# Divider for a 20 Gallon Fry tank



## zhasan (Oct 28, 2010)

Hello, I need to create a divider in my 20 gallon fry tank for the new batch of fry. 

Any Ideas, links advice is appreciated. Thanks in advance!!

Zee.


----------



## Theratboy_101 (Apr 27, 2010)

You can buy them for like $15-$20. I know topfin makes them... but they won’t hold fry in very well as they clip on the tank and don’t really seal to the glass and fall apart when you try adjust them. It took me 3 or 4 tries to get it in right to keep my bettas apart... They would work if you could get them in place then silicone around it.

I've seen a few ways to make one

1. A piece of plexiglass, acrylic, or any fish safe plastic cut to fit the tank and lots of tiny holes drilled in it.

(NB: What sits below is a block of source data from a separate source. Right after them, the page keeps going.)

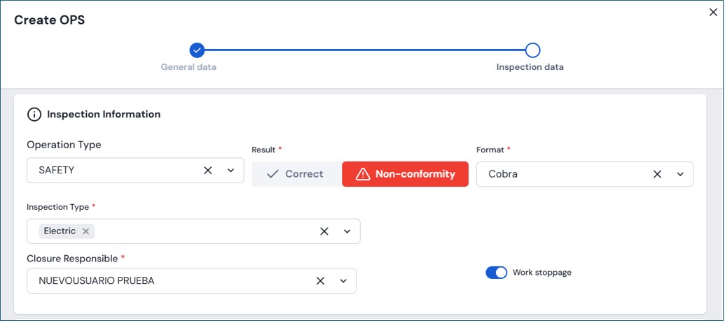 Nonconformity When selecting this option, the system will request the Responsible for Correction and will also ask whether there was a Work Stoppage.
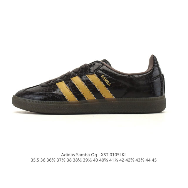 Adidas Originals Samba Og Shoes - Classic white sneakers, T-toe shoes for men and women, showcasing a casual and modern style. Born on the football field in the 1950s, it later spread to the streets and runways. The Adidas Samba stands out as a fashion icon. This classic Samba Og shoe features a leather upper and rubber outsole for comfort and casual wear. It pays homage to the Samba's traditional design with its serrated three stripes and distinctive T-toe. Subtle gold foil details add a touch of style. Staying true to its roots, its passion never fades. Regular fit, lace-up design, leather upper, fabric lining, rubber outsole. Type: Men's and Women's Shoes Product Code: Jq5976 Sizes: 35.5-45 (including half sizes) Code: Xsti0105Lkl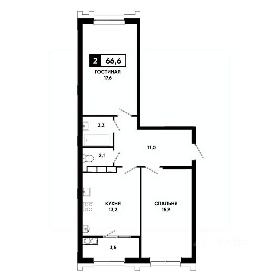 Общая площадь66,6 м²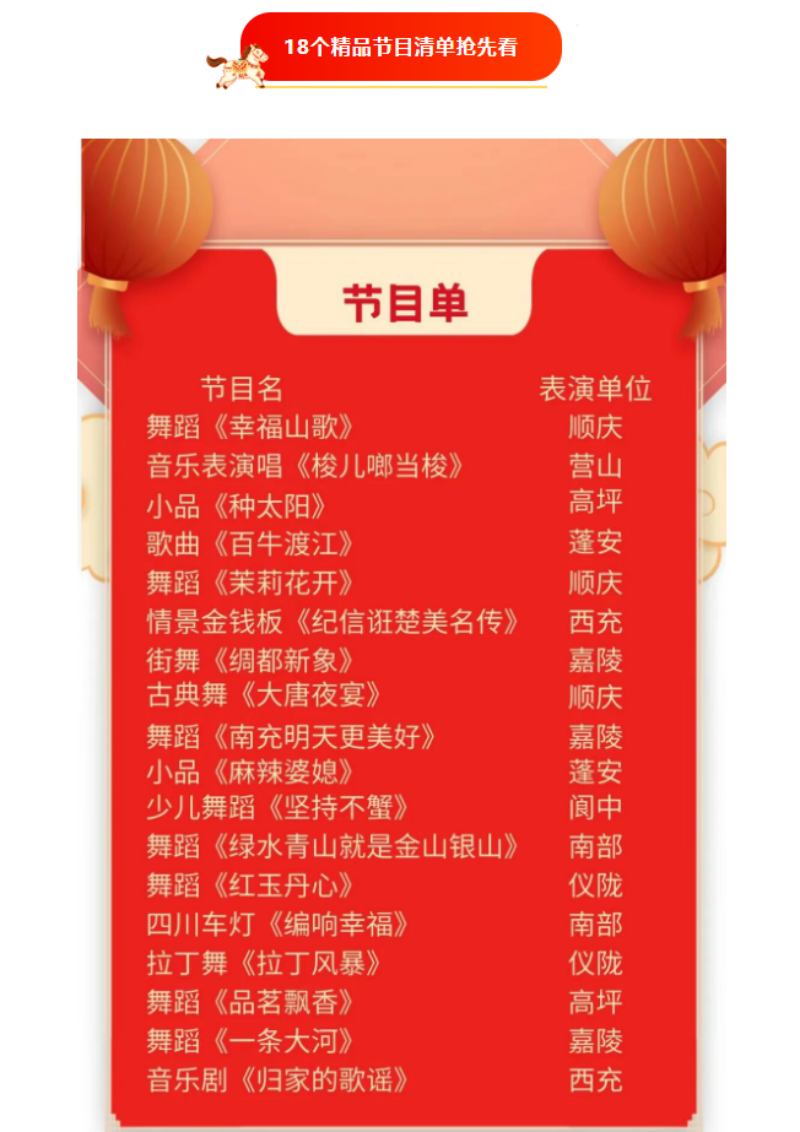 18个精彩节目将在大剧院轮番登场,节目涵盖舞蹈、小品、音乐剧等多元艺术形式。从《幸福山歌》的欢快旋律拉开序幕,到《归家的歌谣》的温情曲调圆满收尾,顺庆、高坪、阆中等地文艺单位同台献艺、联袂演绎,为市民献上一台饱含川东北特色、年味十足的视听盛宴!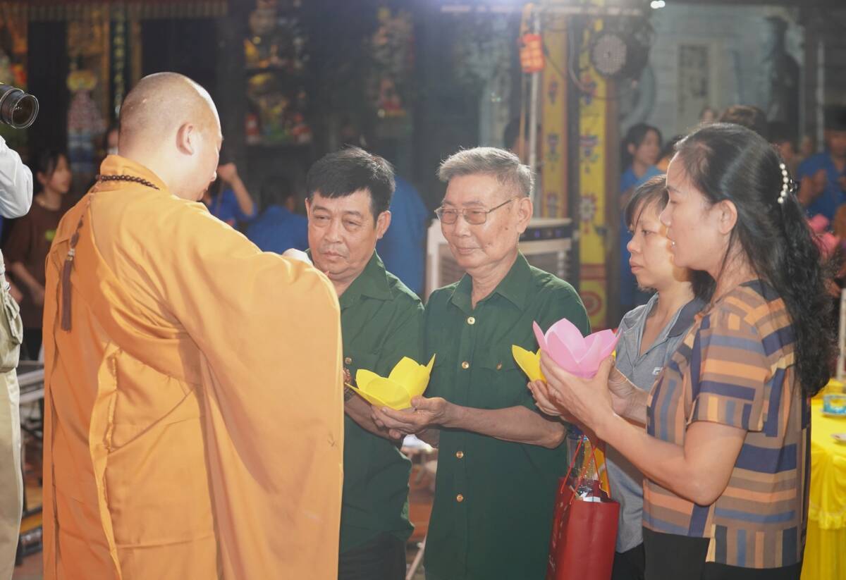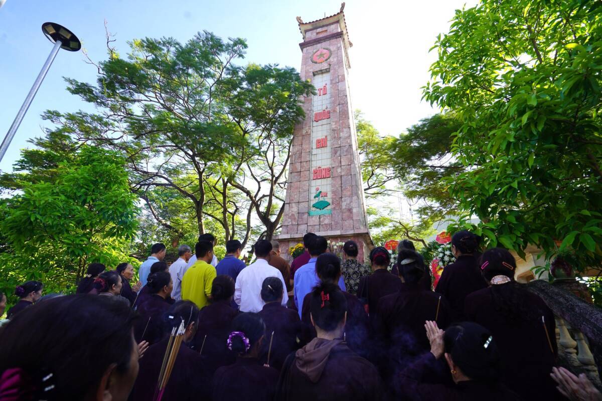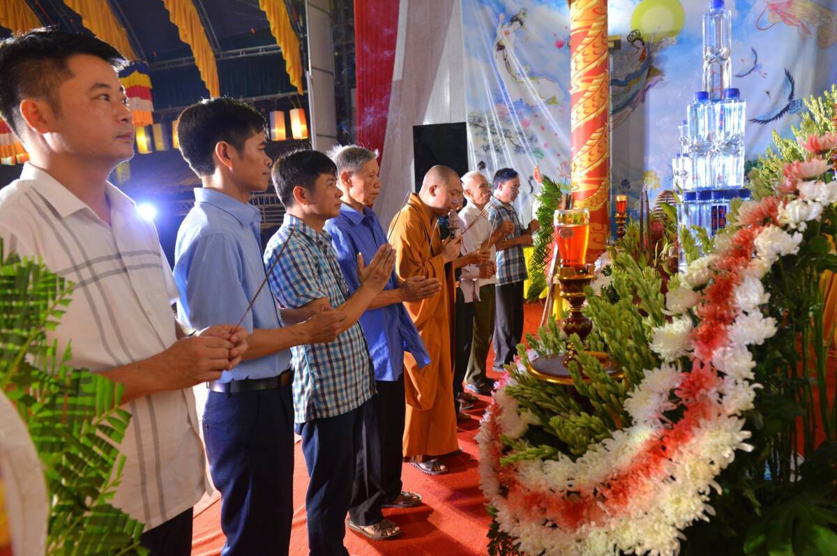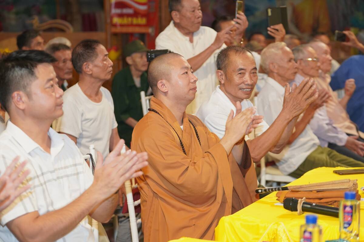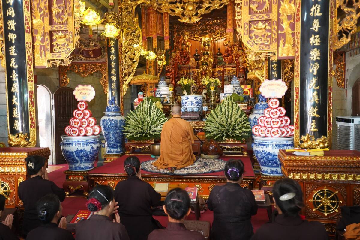 Trong không gian tôn nghiêm, linh thiêng chùa Long Đẩu, đúng 14h, tiếng chuông, tiếng mõ cầu siêu vang vọng mở đầu cho buổi lễ. Chủ lễ – Đại đức Thích Đạo Khuê là người dẫn nhịp. Đạo tràng thành kính, trang nghiêm, một lòng hướng về đức Phật từ bi. Lời kinh tiếng kệ tâm thành dẫn lối cho anh linh các anh hùng liệt sĩ, đồng bào tử nạn về với Long Đẩu tự lễ Phật, lạy Phật, trở về nước Phật. Hương thơm của nhang, ánh sáng của đèn, nến, sắc rực rỡ của hoa hòa cùng niềm thành kính của đạo tràng khiến buổi tụng niệm càng trở nên trang trọng và ý nghĩa.
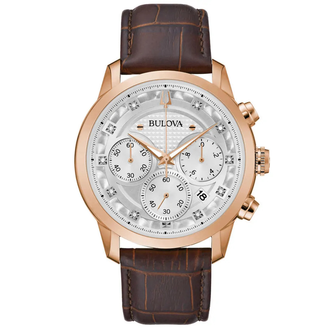 Plateado con 11 diamantes montados a mano de forma individual en carátula como indicadores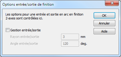 Ouvrez la boite de dialogue Options d'entrée/sortie de finition en cliquant sur le bouton Gestion entrée/sortie de l'onglet Approche/Accostage de la boite de dialogue des attributs d'usinage de fraisage, ou dans l'onglet Stratégie de la boite de dialogue des propriétés de la feature.
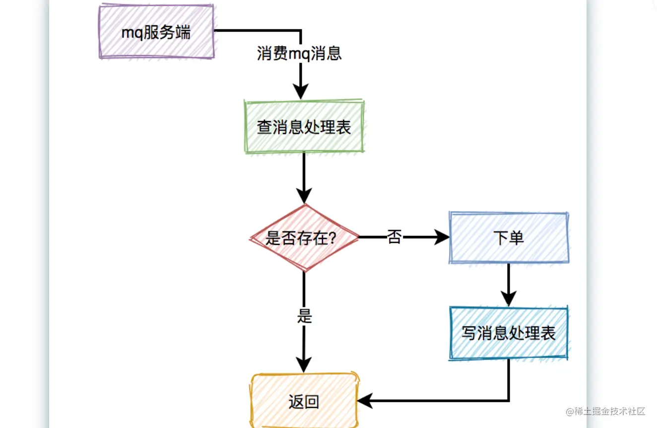 如果不存在,则进行下单操作,接着将该消息写入消息处理表中,再返回。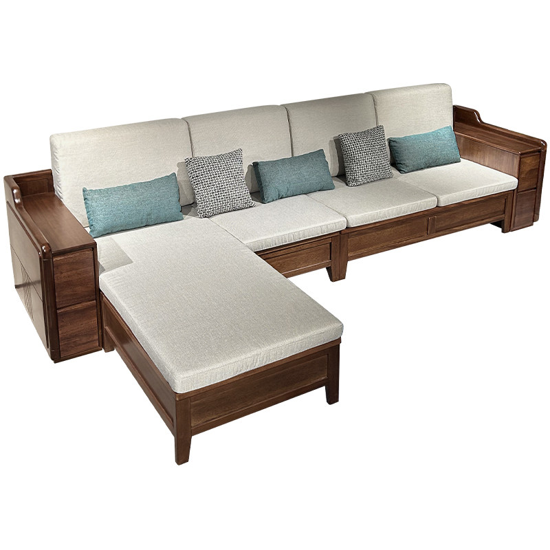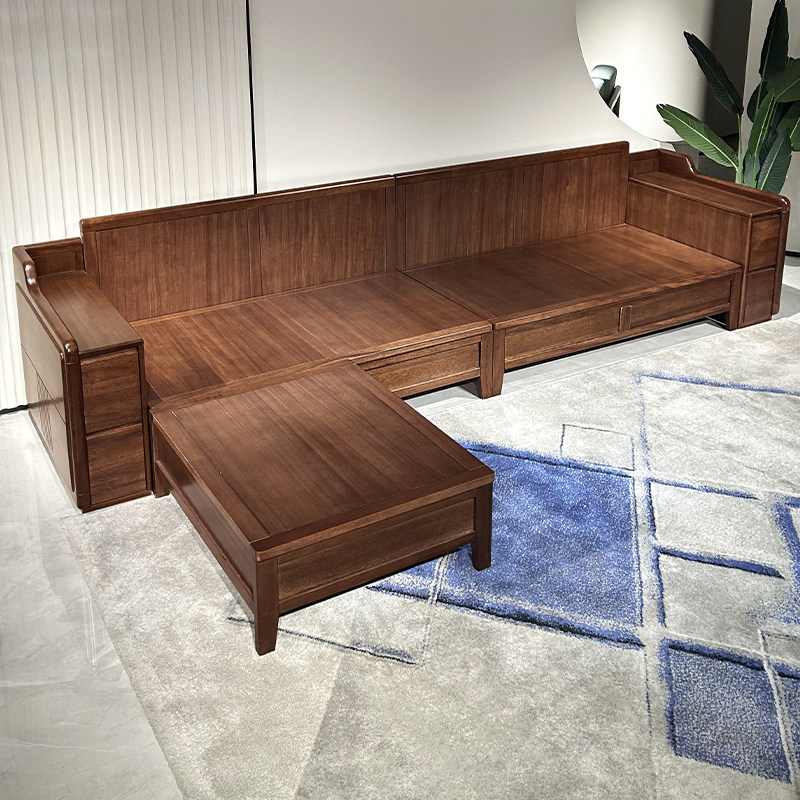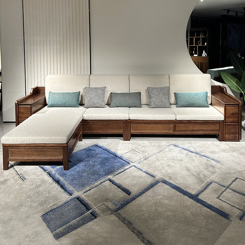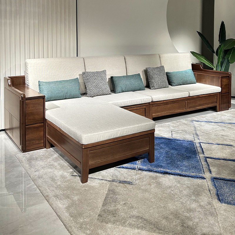 胡桃木沙发客厅家用现代简约小户型储物全实木冬夏两用转角四人位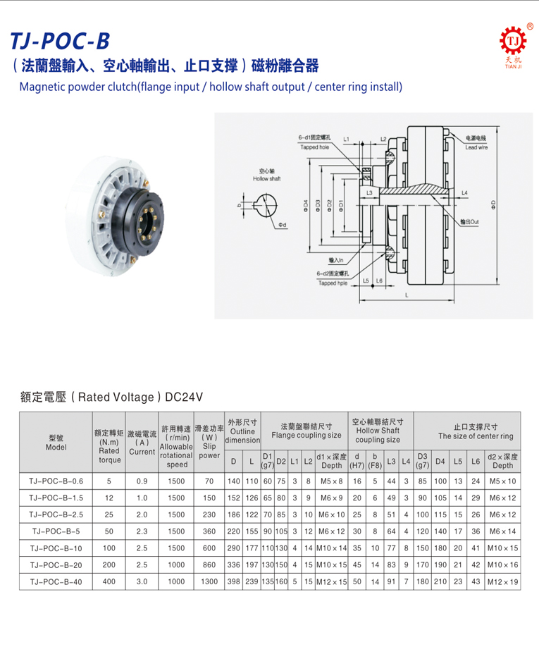 空心軸磁粉離合器(內(nèi)殼旋轉(zhuǎn)磁粉離合器)產(chǎn)品說明:TJ-POC-B磁粉離合器的工作原理與TJ-POC磁粉離合器系列的工作原理是一樣的。TJ-POC-B系列空心軸輸出磁粉離合器采用圈靜止,雖然采用的是自然冷卻方式,由于在輸入旋轉(zhuǎn)端的外周部配置了散熱片及動作面,自然冷卻效果好優(yōu)越性。它以磁粉為工作介質(zhì),以激磁電流為控制手段,達到控制制動或傳遞轉(zhuǎn)鉅的目的。其輸出轉(zhuǎn)鉅與激磁電流呈良好的線性關系而與轉(zhuǎn)速或滑差無關,并具有響應速度快結構簡單等優(yōu)點。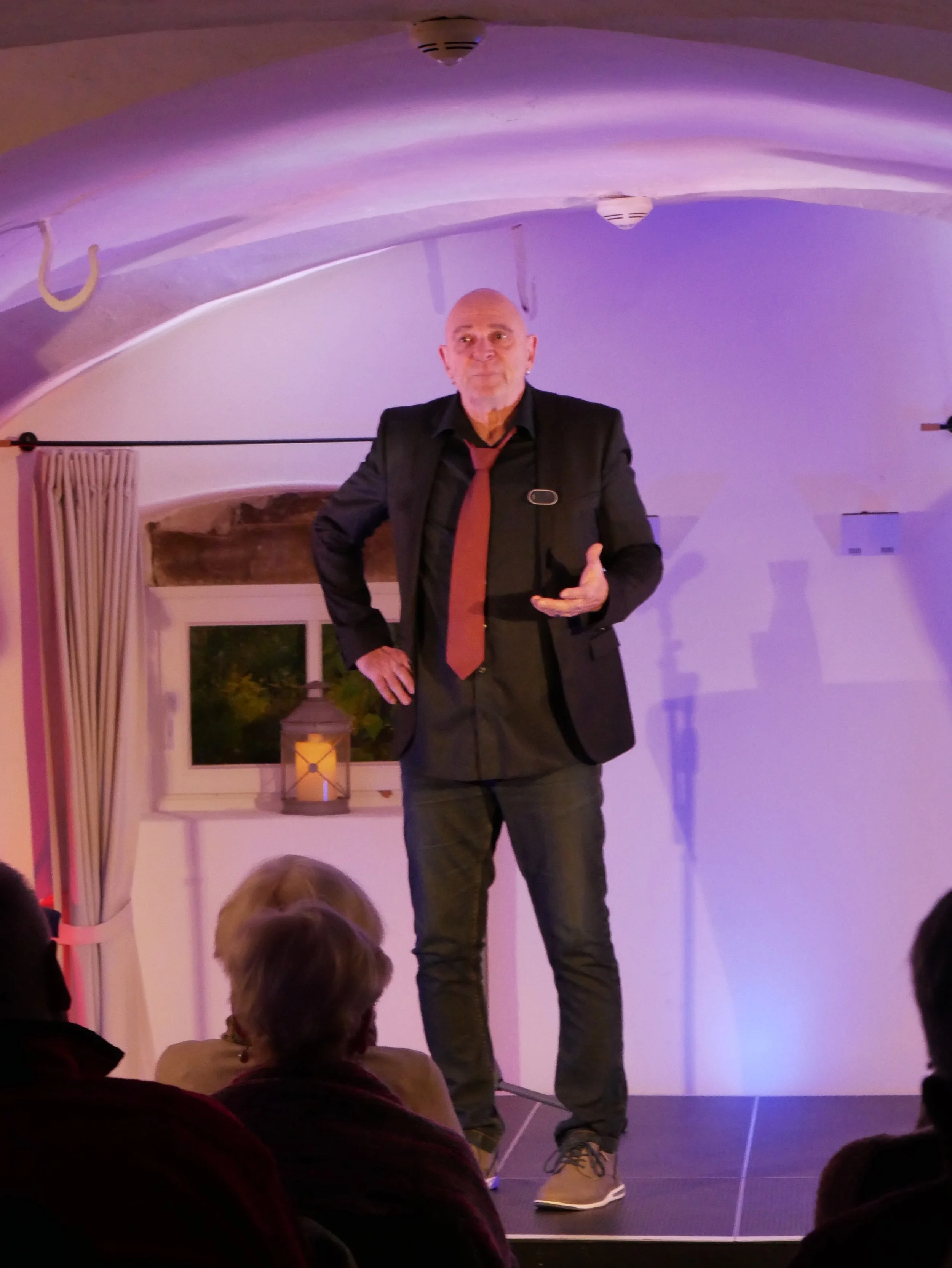 Sylvia Brécko mit Weimeraner-Hündin Audrey unterhielt die Gäste im Gewölbekeller auf humorvoll-satirische Weise. Geschichten aus dem Alltag eines Hundebesitzers gab die Künstlerin zum Besten, untermalt von einigen Gesangseinlagen. Hündin Audrey zeigte einige Kunststücke und setzte sich damit charmant und gekonnt in Szene.07. & 08. April 2025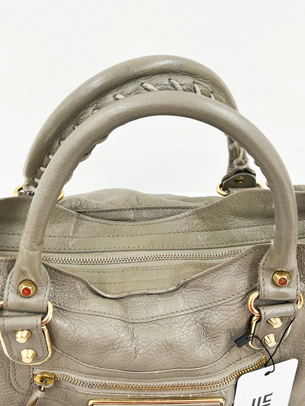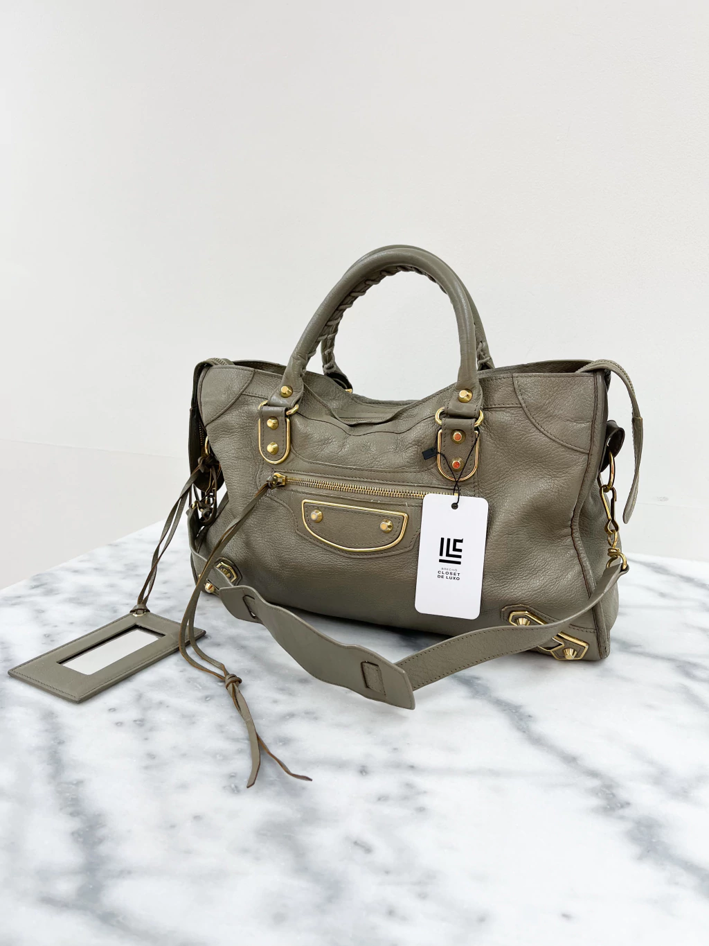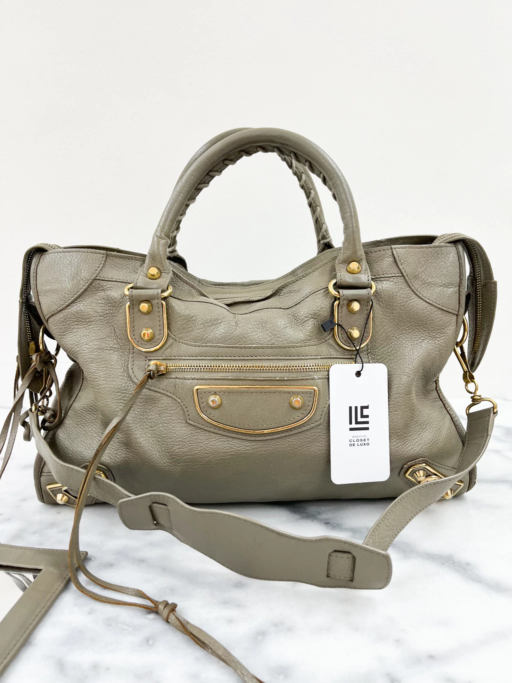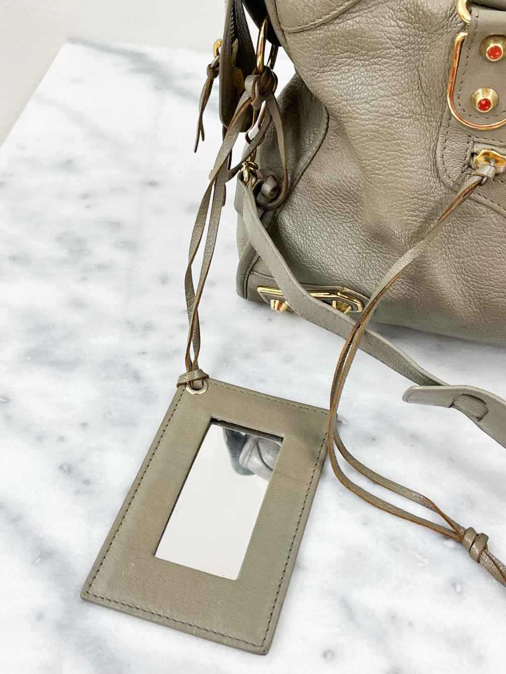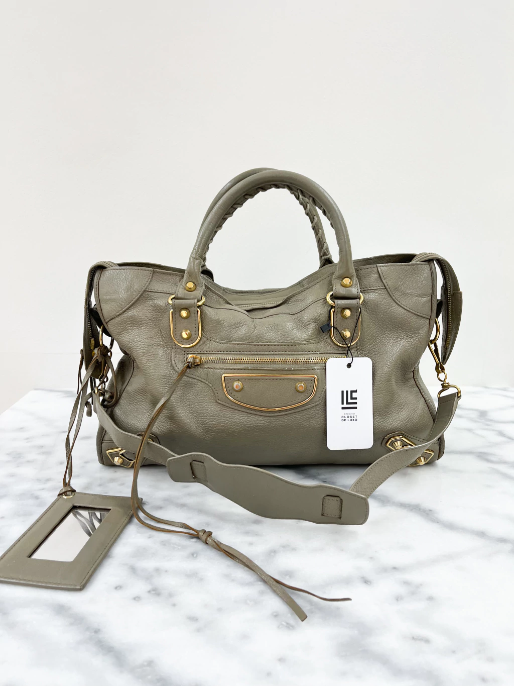 Exterior: Bolsa Balenciaga Motocross City Bag de couro na cor cinza, aplicações de studs, espelho removível e ferragens douradas - Possui alça de mão, alça média removível e fechamento por zíper.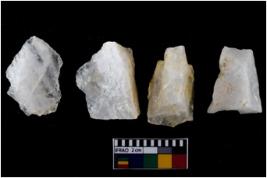 | Description / विवरण | There are n-4 of intact flake cores made up of Quartz. Some of them have bulge of percussion and some are flat flakes. |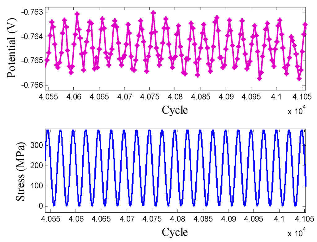 The corrosion fatigue tests were conducted while measuring the OCP variations during load/unload versus the unstrained RE. Figure 6 shows a dependence of OCP of a specimen under cyclic load as a result of mechano-chemical effect. According to the mechano-chemical effect, we can expect to observe an enhanced anodic dissolution flux induced by dynamic surface deformation. Meanwhile, the anodic current at the electrode surface can decrease near-surface work hardening and increase the mobility of dislocation, ultimately stimulating fatigue damage [14,15,58]. The strain response of electrode potential or work function has long been of interest in relation to a wide range of problems, including corrosion in structural materials under load [14,82,83,84] and coupling of electronic properties to stress in semiconductor devices [85,86], and to diffusion [87,88] and metallurgy [89]. Gutman [14] and Sahal et al. [84] suggested that the local value of the chemical potential in the liquid/solid system is defined only by the absolute value of the hydrostatic part of the stress tensor, , and is independent of the deviatory part of the stress. Using the solid incompressibility hypothesis [14], the potential difference caused by stress is given by:

Can also be done with glass but can be very hard to drill.

2. An under gravel filter for a larger tank cut down to fit.

3. A piece of egg crate covered in plastic fly screen (in the 70's my dad was making custom under gravel filters and dividers like that for his custom tanks)


----------



## mikebike (Sep 8, 2010)

get a piece or Corrugated Chloroplast Plastic from the building supply.
you can cut it with a knife.
it makes inexpensive tops to.

Cut it for a friction fit in the tank.
if you dont have a drill you can poke holes in it with a fork or nails.


----------



## zhasan (Oct 28, 2010)

Hey Thanks for the tips there guys! I'll go out and look for this stuff in the coming week sometime.


----------



## roadrunner (Apr 25, 2010)

I found cool post on how to make dividers and I was finally ready to make it DIY Tank Dividers
but now I'm having hard time finding nice skinny black report binders. I found some at staples, but they are round (it will be a nightmare to keep them in place and I don't want to glue them). Anybody seen some black ones in dollar store lately? I would appreciate if you could let me know where. thanx a bunch!
I think i should try to make my own post, since my will be for betta tank.


----------



## Victor (Apr 21, 2010)

^ I made those dividers long time ago. I remember getting my report spin things from Grand & Toy


----------